Some key highlights of the reports:

EPA allowed toxic chemicals to harm poor Katrina victims: A GAO report revealed that EPA publicly downplayed the risk of asbestos inhalation, which is often released during home demolition, to city residents and failed to deploy air monitors in predominantly African-American neighborhoods. Furthermore, EPA waited nearly eight months to inform residents that short-term visits could expose them to dangerous levels of asbestos and mold.

FEMA ignored its own hurricane plan: Prior to Katrina, FEMA created a “Southeast Louisiana Hurricane Backup Plan” which forecasted specific consequences and action-plans in the event of a hurricane.

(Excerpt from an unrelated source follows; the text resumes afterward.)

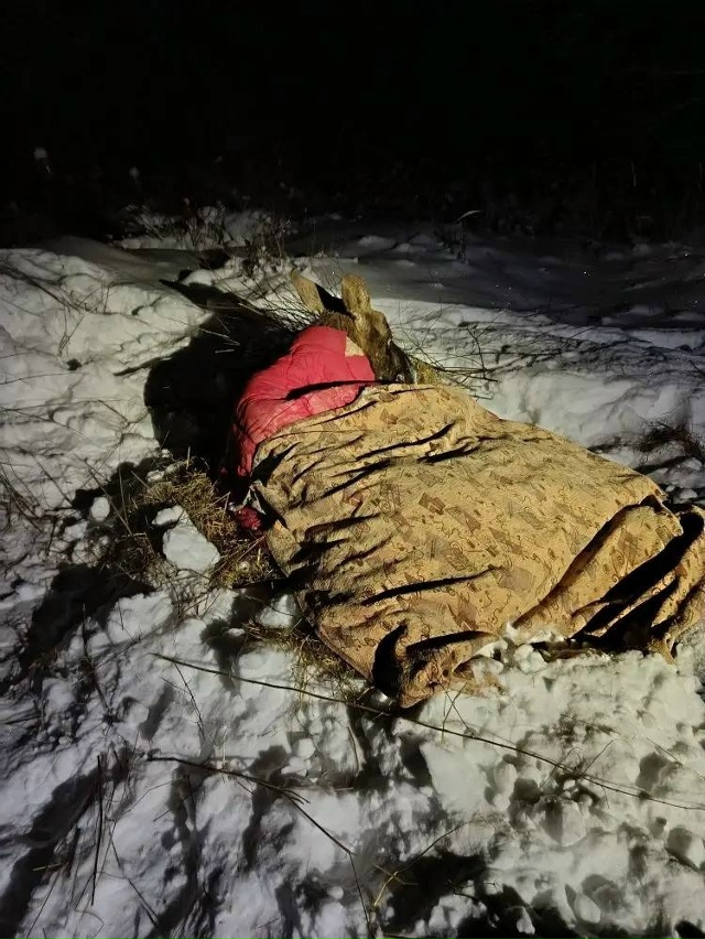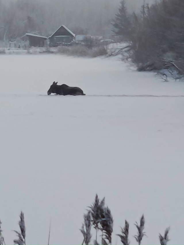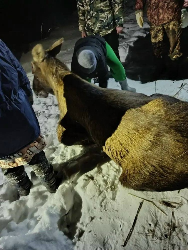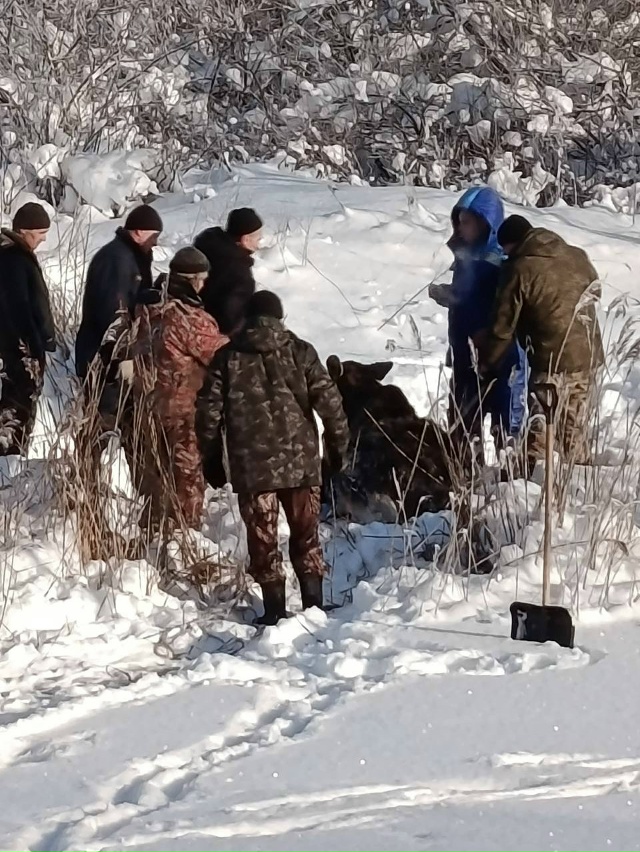 Бедолага провалился под лед, его достали общими усилиями, но встать лось не может

But “post-Katrina FEMA documents demonstrate that that the plan was never implemented.” The day before Katrina hit, FEMA Deputy Director Patrick Rhode sent an e-mail to Michael Brown’s assistant with the subject line, “copy of New Orleans cat plan,” stating, “I never got one — I think Brown got my copy — did you get one?”

FEMA guaranteed billions in profits for big companies: Following Katrina, federal agencies “doled out more than $2.4 billion in cost-plus contracts,” which “offer companies no incentive to save money or keep costs from ballooning.” FEMA was responsible for nearly 94 percent of all of the hurricane-related cost-plus contracts, with the remainder being issued primarily by the EPA and U.S. Air Force.

Fortunately, Congress has taken action to address some of these issues. In March, the House voted to limit the use of cost-plus contracts. That bill is currently stalled in the Senate, where it awaits action by Homeland Security Chairman Joe Lieberman (I-CT).